Patients and Methods                                                                                        

Cytogenetic Study

Routine cytogenetic analysis and FISH analysis were done in the group of 70 females, who were scheduled for IVF treatment in the Centre of Assisted Reproduction (median age = 30; range 19 – 42).The control group consisted of 83 females with at least two spontaneous conceptions without miscarriage history (median age = 32,5; range 22 – 46). The females were recruited mostly from the patients of the Department of Clinical Genetics and Foetal Medicine, where the blood sampling was taken as part of biochemical screening of pregnant females. All patients signed the informed consent. Confirmed fertility was defined as at least one natural pregnancy, no history of recurrent miscarriages, or any fertility treatments.

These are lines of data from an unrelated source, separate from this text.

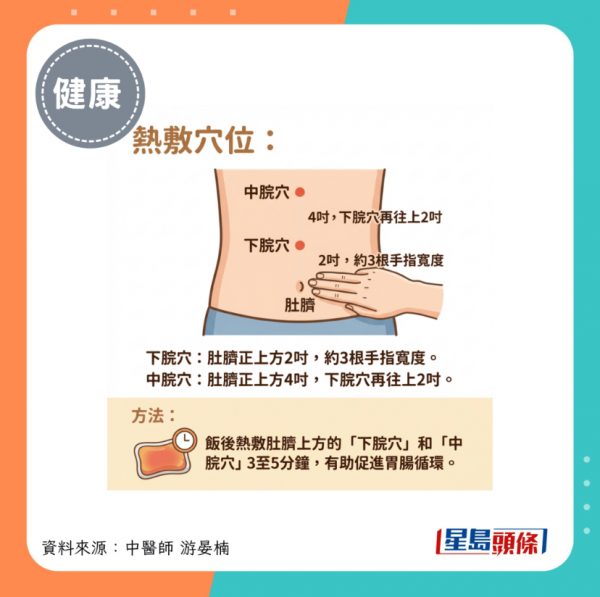 飯後熱敷肚臍上方的「下脘穴」和「中脘穴」3至5分鐘,有助促進胃腸循環。
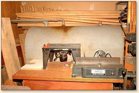 ![]() On the left is a heavy-duty router and table. On the right is a jointer planer. Just behind that is a heat gun. Behind the oil tank are almost seventy, six foot, pre-embargo cane poles. These were purchased from Minei Hull, a very good rod maker who lived in Buffalo, NY. I bought them in about 1963. There are some 2 - 21/2," 21/2 - 3," and some 3 - 31/2" poles. The power fiber in these cane poles is very deep . They are very clean with very tiny nodes. I have only used 3 or 4 of them in forty years. One of these days...
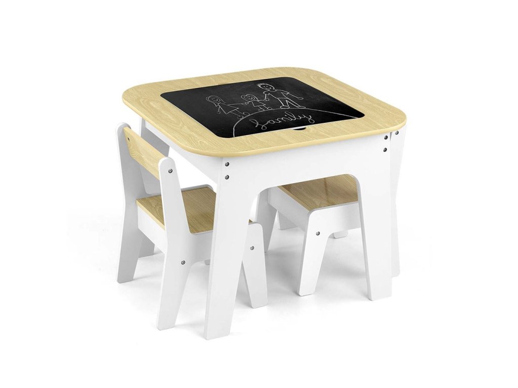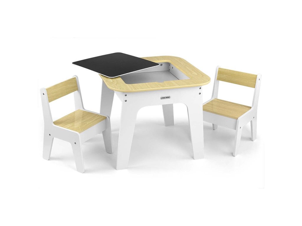 Dětská sada nábytku Olaf Blocks - stůl a dvě židličky je multifunkční komplet navržený tak, aby zajistil dětem pohodlí a prostor pro kreativní hraní a učení. Stůl s dvěma židličkami má decentní barevné provedení, které mu dodává moderní a estetický vzhled, hodící se do každého interiéru.
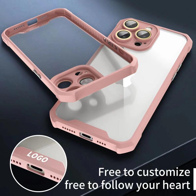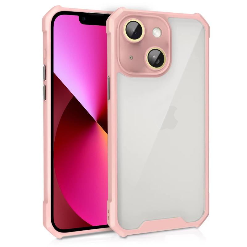 For iPhone 13 Shockproof Acrylic Phone Case with Lens Glass Film(Pink)
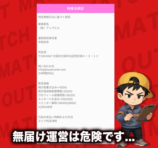 だから次は、ラブプラザがインターネット異性紹介事業の届け出をしているのか、運営情報に怪しい点がないかを調べていくよ。
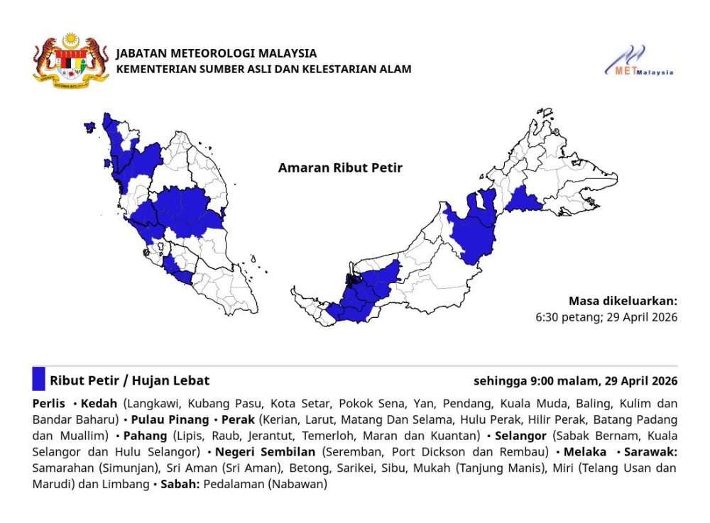 马来西亚气象局于2026年4月29日发布最新雷暴警报,指国内多州预计将出现雷暴、大雨及强风天气,警报有效期至今晚9时。

Cultured preparations were processed using standard cytogenetic procedures and evaluation and number scored metaphases respected “ECA Cytogenetic guidelines”. 15 – 20 metaphases were analyzed; the number of analyzed metaphases was increased at min 30 cells – appropriate confidence limits using Hook´s tables (1977) for lymphocyte cultureswhen single cell aneuploidy was detected in the sample. Gonosomal mosaicism was defined as low-level (LLGM) when at least two or more of the analyzed cells but less than 20 % displayed the constitution 45,X or 47,XXX or X polysomy.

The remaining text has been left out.